Francis Watt, often referred to as 'Francis Watt of
Ottringham', was the son of Richard Watt II and younger brother of
Richard Watt III. He was born in 1787 in Liverpool and baptised at St
Thomas church on the 22nd of March 1787, but spent his childhood in the East
Riding of Yorkshire. When he came of age in 1808, he inherited the
estate at Ottringham, in Holderness, East Yorkshire, from his father and
he also inherited Richard Watt senior's house at Oak Hill, and
other property in Liverpool. He probably sold Oak Hill in the early
1820s and certainly Sir John Tobin, the ex-slave captain and pioneer
palm oil trader, was living there by 1827. Sir John Tobin was born Isle
of Man and by the 1790s was a master, operating in the slave trade
between Africa and the Caribbean', and also operated as a privateer in
the early years of the war with France. In 1798 he married 1798 Sarah
Aspinall, daughter of James Aspinall, also a prominent Liverpool
slave-trader.

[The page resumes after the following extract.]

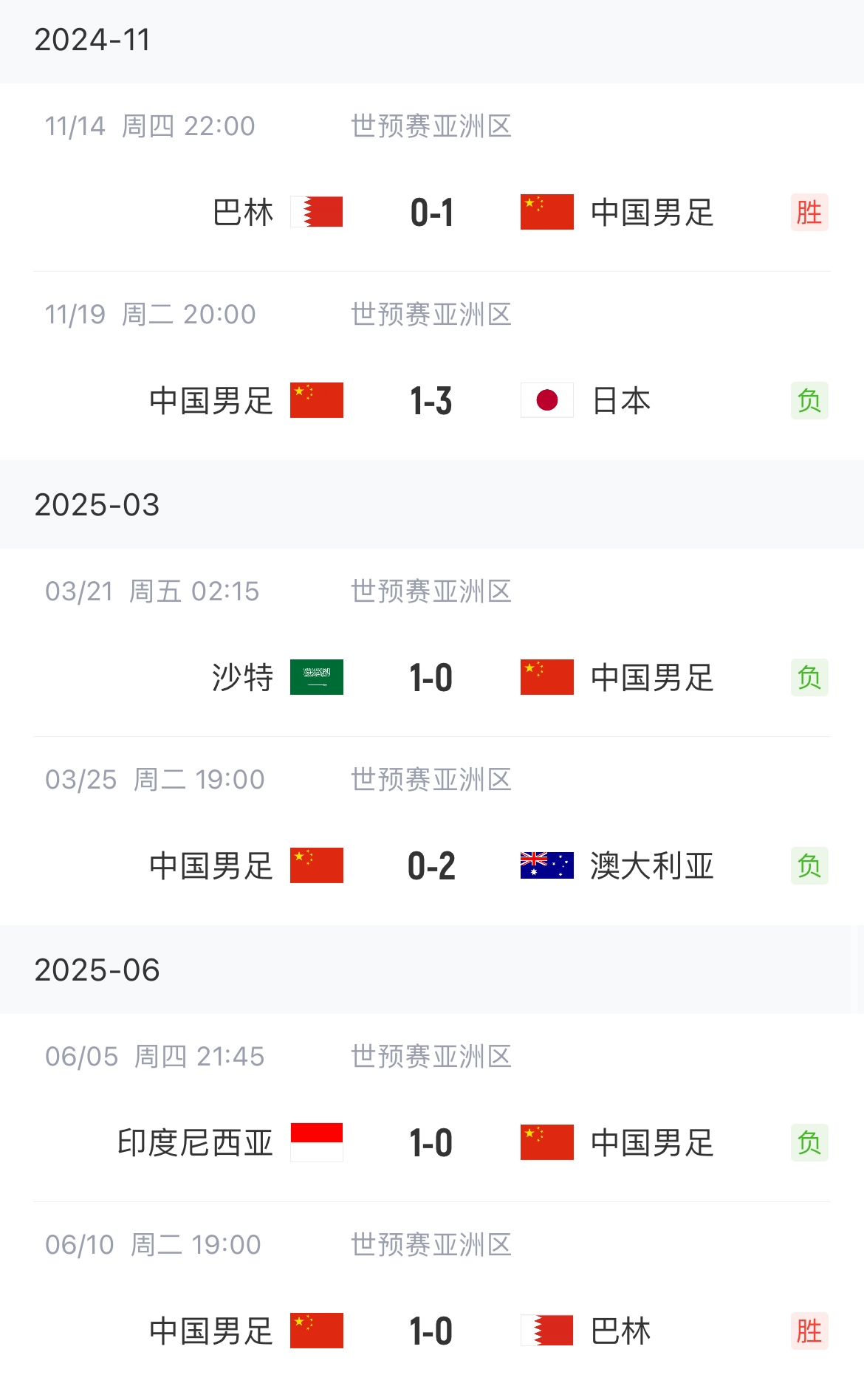 终于赢了!国足胜巴林终结世预赛4连败,此前负日本沙特澳洲印尼

A Lord Mayor of Liverpool he was knighted in 1820 and
built Liscard Hall in 1835.
The final resident was Edward Chaloner a timber merchant who was also a benefactor of Catholic building projects, including the schools at St Oswald’s Old Swan and St Vincent de Paul, Liverpool. He also donated the land where St Oswald's Church is now built. He marrried Katherine Amelia Dale in 1830 and they appeared to be very well off, living in grand style in their large home Oak Hill House which was eventually demolished at the end of the 19th Century.